Money is not the root of all evil. Money is the mother's milk of nonprofit organizations. So why are your board members afraid to talk about milk? Try these three tips to make it easier for your board to engage in fundraising.
1. "Potential donors get thousands of requests. They often make up their minds in the first 60 seconds," according to Sam Horn, founder and CEO of the Intrigue Agency, where she writes, speaks, and consults on strategic communications.
Horn suggests: Pleasantly surprise your listeners (who have heard and seen it all before) by opening with three unexpected "Did you know?" questions pertinent to your cause. Is there some new research? Are there startling statistics that address the problem you're solving or the need you are meeting? Has there been a dramatic increase in the demographic you are serving?
Link the word "imagine" to three aspects of your program/service that is solving that problem. This helps people picture what you are proposing. Then bridge with "You don't have to imagine it, we're doing it..." and then introduce social proof so they know this isn't speculative; it's a done deal.
Jump right in. Do not bore your audience with perfunctory remarks. No, "Thank you for asking me here," Horn advises, "In this day and age of instant gratification, you will already have lost the hearts and minds of your audience if you start with ... INFObesity. Instead, introduce something startlingly relevant that gets people's eyebrows up. Reference a recent study that indicates the urgency of this situation. Cite a respected expert who testifies to your proven track record."
The single best thing you can do to make your pitch, presentation, commercial or communication win buy -- in for what you care about -- is to deliver what Horn calls a 5C pitch -- Clear. Compelling. Current. Competitive Edge. Commercially -- viable.
In this 90 second video Sam Horn explains how to POP an elevator speech about what you do.
2. Make it easy by adding the word "because." Harvard social psychologist Ellen Langer found that simply adding a reason for a request increased your chances of getting a "YES" to 94 percent.
Ask your board members, "Can you imagine what might happen if we doubled our donations this year? What would that mean to the organization, specifically? What tangible benefits might it provide?"
They might list things like: Be able to serve 500 more people this year. Add 2 new staff members. Finish building the auditorium by the beginning of the school year. Etc.
Now, they are not talking about money. They are talking about the needs that would be met, which helps your board members relax. It takes the pressure off.

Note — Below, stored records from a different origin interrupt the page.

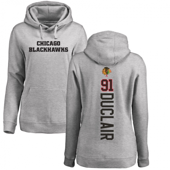 >NHL Women's Adidas Chicago Blackhawks #91 Anthony Duclair Ash Backer Pullover Hoodie
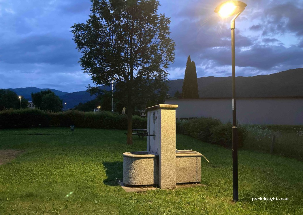Aire de repos sans services, avec fontaine d'eau potable, le parkimètre est présent mais en réalité il est éteint, donc aujourd'hui il est gratuit. Très pratique au centre
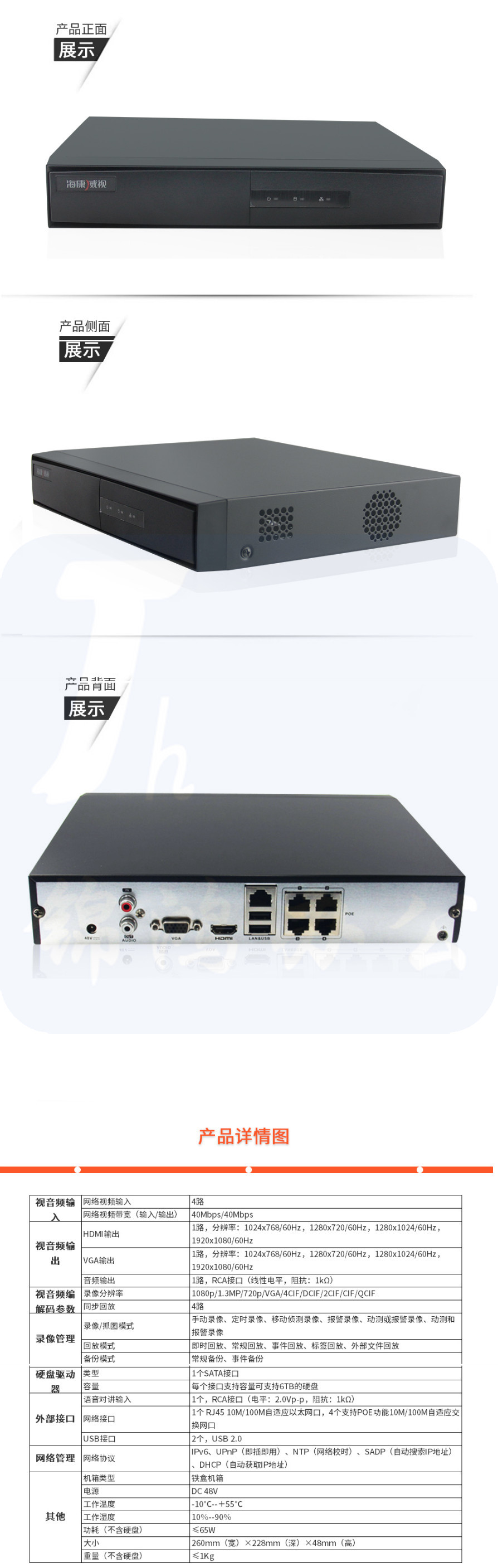 海康威视 DS-7804N-F1/4P(B)(标配) 网络硬盘录像机 (计价单位:台) 货号:JC

Asking for money requires making requests of other people. If your board members are not clear on the "because," their fear pops up ("Oh no. I can't do this.") All board members are capable of asking from the heart, but only after they are clear about what the money will mean to the organization.
3. Be sure your board members know the specific stories of some of the individuals you've helped. Who is your audience? How are their lives better because of your organization's services? Before your board members ask for money, they need to know exactly how it's going to be allocated. It's much easier to ask for money when you can tell donors how their contributions will be put to good use.
For many, the money conversation is threatening. It doesn't need to be. You can relieve the pressure by being clear about the good the money will do. If your board members present it authentically and clearly, it's a win for everyone.
Research has found that when people are faced with difficult tasks, if they talk out loud about it, they don't give up. They don't quit. Keep your board engaged and willing to try again, even if they don't succeed immediately. Read about the research and how to apply it here.
The "money milk" conversations don't have to turn sour. If you have board members who, in the past, were reluctant to ask for money, share these fresh tips. They'll take pride in representing an organization that does so much good, and they can feel comfortable asking others to financially support it. Simply put: Raise your board's confidence and enthusiasm, and they will raise more money.